You should normalize to the non phosphorylated protein. The best option should be to strip the membrane and use the same membrane for the phosphorylated and the non phosphorylated protein.

I prefer not to strip

Alternative 1: via the IR-linked secondary antibodies you can work with two colors and visualize the phospho-porteins X and all protein X at the same time

Altenative 2 : load two seperate gels. 1 for the phospho-protein X + a standard loading control and a second gel for all protien X + a standard loading control

I would also suggest to work with one blot- regardless whether you strip or work with two colours (in case you have the required equipment). If you use two separate blots there is always the possibility of technical variations between the two, which could generate missleading data.

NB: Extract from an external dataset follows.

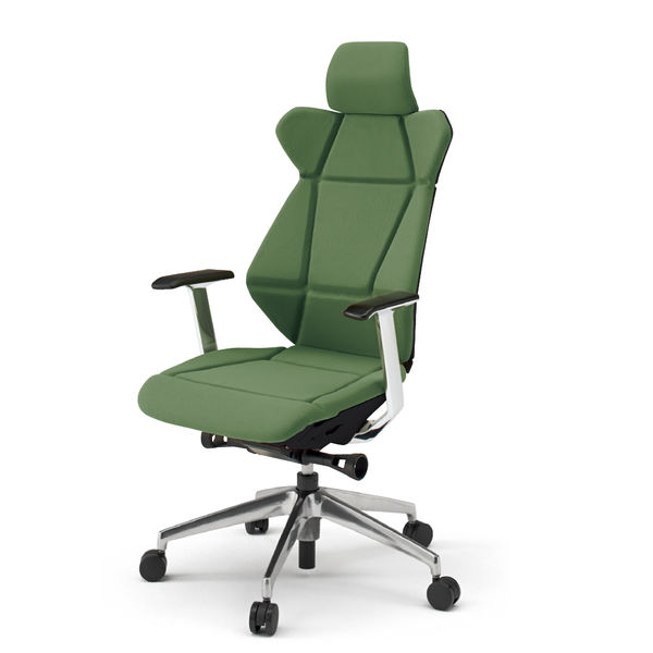 【設置込】イトーキ フリップフラップチェア エクストラハイバック 固定肘付 ハンガー付 ブラックシェル アルミミラー脚 背座アイビーグリーン 1脚(直送品)

Thank you for our answers.

We have small human samples that's why I could load only one or two gel but we a some protein of interest a the same molecular weight.

We will use IR antibodies.

You can normalise to total protein per lane by coomassie staining your blots after youve probed with antibodies, or if you have reliable Ponceau S staining after transfer( this works better with nitrocellulose and semi dry transfer, for PVDF/wet transfer try coomassie after all antibody detection) . This means you can control for uneven transfer and we have found it more reliable than tubulin/actin etc, especially in muscle  where these can vary wildly between samples. The coomassie stain protocol we use is from this paper. http://pubs.acs.org/doi/abs/10.1021/pr1011476.

Good luck!

Dear Kate,

Staining protocols for normalization are indeed fine for normal proteins.

However, for a post-translational modification of a particular protein, you should preferably also take that particular protein in the equation.